Why are there so many empty shelves, so few ventilators and PPEs?  Because supplies are being hoarded or used up.  
Way too few testing kits are being made and used. Is our federal govt intentionally trying to keep the reported numbers down to try to make themselves look good? Very possibly. 

Our federal government was caught flat-footed and in denial with this virus, which partly explains why we're in this pickle. 

I wouldn't go so far as to say it was a conspiracy, but there is ample evidence of ignorance, downplaying, delaying, and hopes that whistling past the graveyard would keep away the demons.


----------



## squatting dog (Apr 3, 2020)

C'est Moi said:


> View attachment 97666



 Maybe true, maybe not, but, history has shown that a lot of "tin foil" theory's have in fact been true. So never dismiss something out of hand. Some examples................

Ruby Ridge  A U.S. Senate panel accused the federal agencies involved of “substantial failures” in their handling of the Ruby Ridge operation.

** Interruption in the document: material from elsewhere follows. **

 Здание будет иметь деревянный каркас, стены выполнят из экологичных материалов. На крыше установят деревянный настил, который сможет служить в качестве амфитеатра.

“I did not have ****** relations with that woman” – Bill Clinton, 1998 

Ronald Reagan "We did not, I repeat, did not trade weapons or anything else [to Iran] for hostages, nor will we” 

In Dwight D. Eisenhower’s presidency, he denied that U-2 spy planes were flying over the Soviet Union when, in fact, they were.

“Watergate set the bar for presidential lies when Nixon insisted he played no role,” 

In 1964, two U.S. ships were attacked in Vietnam’s Gulf of Tonkin. President Lyndon B. Johnson got on the air that night to tell the American people about the “unprovoked” attack and that he was orchestrating an aggressive response.

The bay of pigs “I have previously stated, and I repeat now, that the United States plans no military intervention in Cuba,”  John F. Kennedy. 

 William McKinley  told Congress that Spain blew up the U.S.S. Maine in Cuba

George H.W. Bush  "Read my lips: no new taxes."

 Franklin D. Roosevelt 1940 “Your boys are not going to be sent into any foreign wars.” 

George W. Bush “Intelligence gathered by this and other governments leaves no doubt that the Iraq regime continues to possess and conceal some of the most lethal weapons ever devised.”  

Bill Clinton  "I experimented with marijuana a time or two and I didn’t like it, and didn’t inhale and never tried it again."

Vince Foster committed suicide

"Children are being molested in a compound in Waco"  ( So I guess to protect them, we must incinerate them).

The downing of TWA Flight 800 was an "accident."


----------



## garyt1957 (Apr 3, 2020)

Those are more lies told than tin foil hat theories. Tin foil hat theories would be more along the likes of:
We didn't land on the moon
911 was an inside job
Alien bodies are in storage at Roswell
JFK assassination too many theories to mention

None of which have ever been proven


----------



## oldman (Apr 3, 2020)

I have personally studied the TWA Flight 800 accident for almost two years. I have spoken with FBI agents who assisted in the investigation, spoken to NTSB investigators and two Naval officers who were involved in operations near the crash site. I cannot confirm or deny what brought down Flight 800.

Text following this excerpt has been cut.